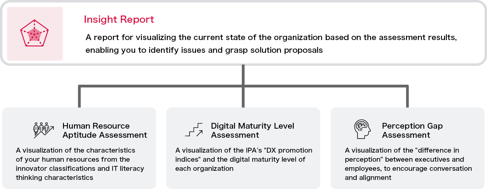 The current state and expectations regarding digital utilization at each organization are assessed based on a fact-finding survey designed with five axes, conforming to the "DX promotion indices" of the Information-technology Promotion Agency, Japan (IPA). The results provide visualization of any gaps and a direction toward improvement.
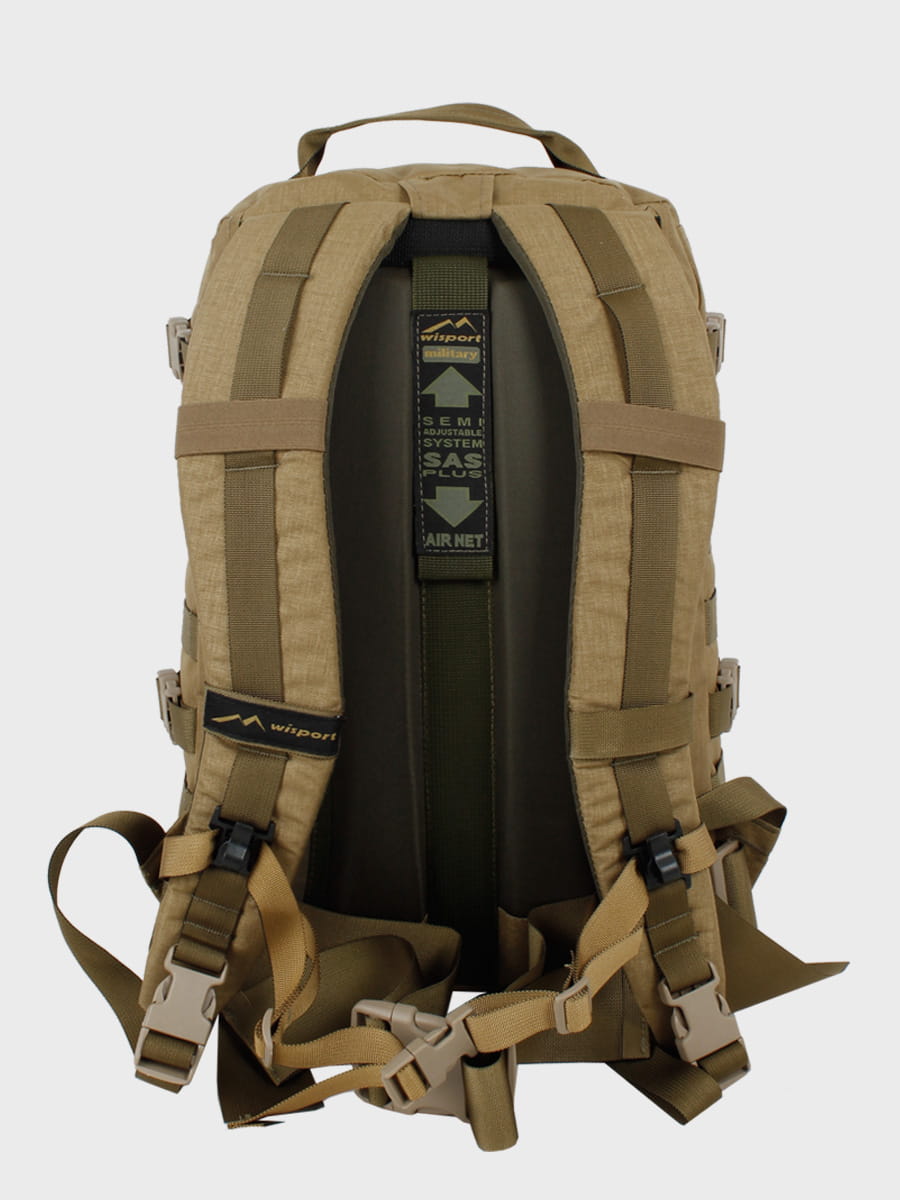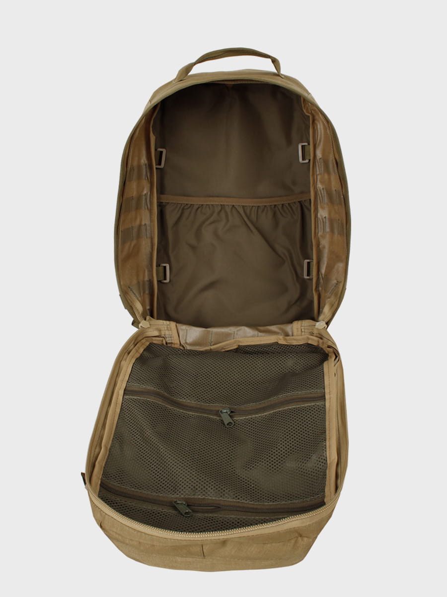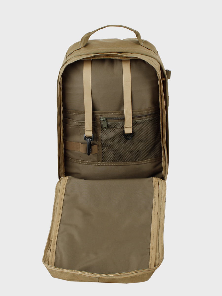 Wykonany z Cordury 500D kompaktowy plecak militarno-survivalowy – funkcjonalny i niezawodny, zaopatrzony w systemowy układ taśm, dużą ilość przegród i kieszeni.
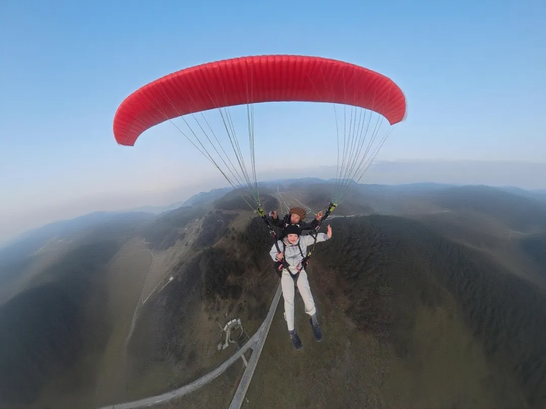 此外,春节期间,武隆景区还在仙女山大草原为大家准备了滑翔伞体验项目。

## WORK TASK:
All text in the material above must be written out exactly; the images are to be skipped.

## ANSWER AREA:
 The current state and expectations regarding digital utilization at each organization are assessed based on a fact-finding survey designed with five axes, conforming to the "DX promotion indices" of the Information-technology Promotion Agency, Japan (IPA). The results provide visualization of any gaps and a direction toward improvement.
 Wykonany z Cordury 500D kompaktowy plecak militarno-survivalowy – funkcjonalny i niezawodny, zaopatrzony w systemowy układ taśm, dużą ilość przegród i kieszeni.
 此外,春节期间,武隆景区还在仙女山大草原为大家准备了滑翔伞体验项目。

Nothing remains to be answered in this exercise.